Long Memory Models

Time Series

Department of Mathematical Sciences, Aalborg University

Long Memory

Long memory

  • Long memory, or long-range dependence, in time series analysis deals with the notion that data may have a strong dependence on past values.

  • In particular, the autocorrelation function of the data may decay slower than what ARMA models can capture.

  • Long memory models are used in climate, finance, biology, economics, and many other fields.

  • Today we will discuss the concept of long memory, why it may occur, and how to model it.

Long memory

Nile River annual flows is the classical example.

#| echo: true
#| code-fold: true
#| cache: true
using Pkg; Pkg.activate(pwd())
using LongMemory
NileDataPlot()

Long memory

#| echo: true
#| code-fold: true
#| cache: true
#| 
using Plots
autocorrelation_plot(NileData().NileMin, 50)
plot!(1:51, [0.4^i for i in 0:50],linewidth=3,linestyle=:dash)
title!("AR(1) with α=0.4")

Long memory

#| echo: true
#| code-fold: true
#| cache: true
#| 
autocorrelation_plot(NileData().NileMin, 50)
plot!(1:51, [0.4^i for i in 0:50],linewidth=3,linestyle=:dash)
plot!(1:51, [0.8^i for i in 0:50],linewidth=3,linestyle=:dot)
title!("AR(1) with α=0.8")

Long memory

#| echo: true
#| code-fold: true
#| cache: true
#| 
autocorrelation_plot(NileData().NileMin, 50)
plot!(1:51, [0.4^i for i in 0:50],linewidth=3,linestyle=:dash)
plot!(1:51, [0.8^i for i in 0:50],linewidth=3,linestyle=:dot)
plot!(1:51, [0.9^i for i in 0:50],linewidth=3,linestyle=:dashdot)
title!("AR(1) with α=0.9")

Long memory

Definition

We say that a time series \(x_t\) has long memory if: \[\begin{equation}\label{def:cov} \gamma_x(k) \approx C_x k^{2d-1}\quad \text{as}\quad k\to\infty, \end{equation}\] where \(\gamma_x(k)\) is the autocovariance function and \(C_x\in\mathbb{R}\).

Above, \(g(x)\approx h(x)\) as \(x\to x_0\) means that \(g(x)/h(x)\) converges to \(1\) as \(x\) tends to \(x_0\).

Long memory examples

Long memory origins

Reasons for long memory in time series include:

  • The series is a result of cross-sectional aggregation, Granger (1980) and Haldrup and Vera‐Valdés (2017).

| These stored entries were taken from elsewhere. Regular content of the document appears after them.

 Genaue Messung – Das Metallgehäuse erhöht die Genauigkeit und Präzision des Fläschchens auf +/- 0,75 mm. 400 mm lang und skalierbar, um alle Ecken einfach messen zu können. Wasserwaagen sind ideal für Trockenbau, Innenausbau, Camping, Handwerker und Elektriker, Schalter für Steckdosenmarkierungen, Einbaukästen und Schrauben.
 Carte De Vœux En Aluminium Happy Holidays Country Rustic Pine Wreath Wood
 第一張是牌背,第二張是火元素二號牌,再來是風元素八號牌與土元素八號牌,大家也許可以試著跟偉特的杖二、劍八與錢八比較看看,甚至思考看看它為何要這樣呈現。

  • The series is a result of shocks of stochastic duration, Parke (1999).

  • The series was fractionally differenced, Granger and Joyeux (1980) and Hosking (1981).

Fractional Differencing

Fractional differencing

  • It is the most common approach to model long memory in time series.

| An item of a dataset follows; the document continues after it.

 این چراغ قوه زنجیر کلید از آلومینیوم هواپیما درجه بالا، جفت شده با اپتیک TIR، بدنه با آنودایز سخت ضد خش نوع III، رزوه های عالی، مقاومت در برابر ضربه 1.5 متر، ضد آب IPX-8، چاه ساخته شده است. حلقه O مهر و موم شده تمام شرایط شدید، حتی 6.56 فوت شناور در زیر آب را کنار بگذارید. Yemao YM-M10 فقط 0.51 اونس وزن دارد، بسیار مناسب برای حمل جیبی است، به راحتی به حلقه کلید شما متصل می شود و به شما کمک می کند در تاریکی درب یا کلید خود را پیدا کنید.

  • It is based on the idea of extending the concept of differencing to non-integer orders.

  • Was first proposed by Granger and Joyeux (1980) and Hosking (1981).

Fractional differencing

Definition

The series \(x_t\) is said to be integrated of order \(d\), denoted \(I(d)\), if \[ (1-L)^dx_t = \varepsilon_t,\] where \(L\) is the lag operator, and \(\varepsilon_t\) is a white noise process with variance \(\sigma^2\).

  • \((1-L)^d\) is called the fractional difference operator.

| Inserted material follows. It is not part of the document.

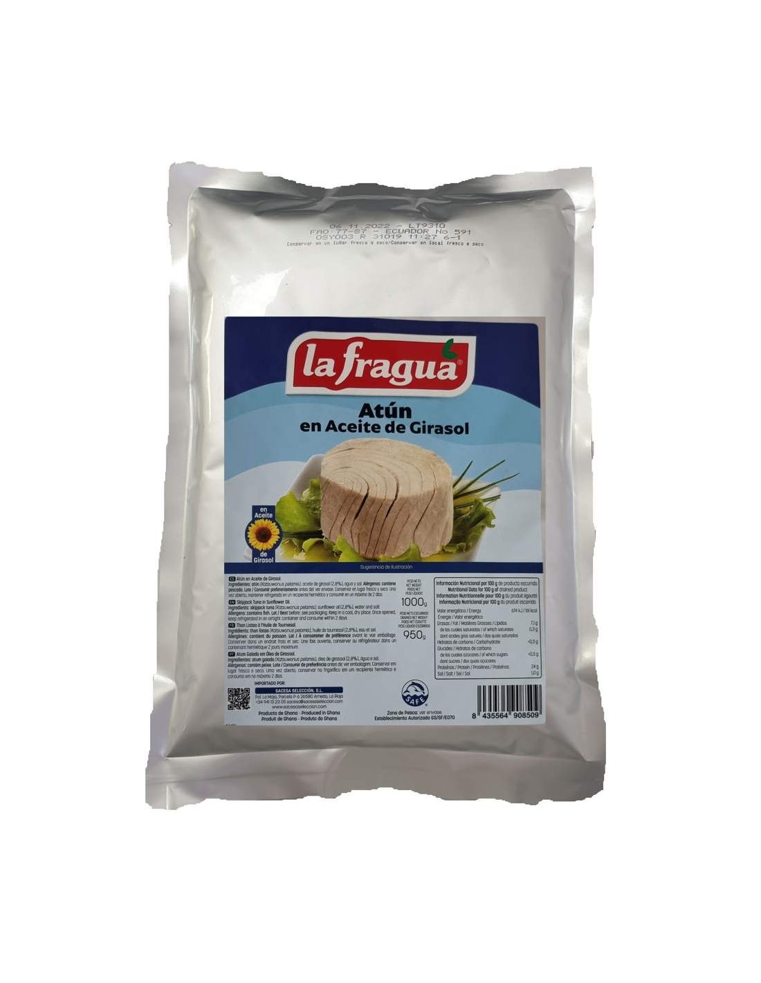Ingredientes: Atún (93%) , aceite de girasol (3%) y sal (2%)

  • The white noise property of \(\varepsilon_t\) can be relaxed to allow for more general structures.

Fractional differencing

  • The fractional difference operator is decomposed using the binomial expansion:

\[(1-L)^d = \sum_{k=0}^{\infty} \begin{pmatrix} d \\ k \end{pmatrix} (-L)^k,\]

where \(\begin{pmatrix} d \\ k \end{pmatrix}\) are the (generalized) binomial coefficients.

Fractional differencing

  • The series can be written as

\[x_t = \sum_{k=0}^{\infty} \pi_k \varepsilon_{t-k},\]

where \(\pi_k=\frac{(-1)^k\Gamma(1-d)}{\Gamma(k+1)\Gamma(1-k-d)}\), and \(\Gamma()\) is the gamma function.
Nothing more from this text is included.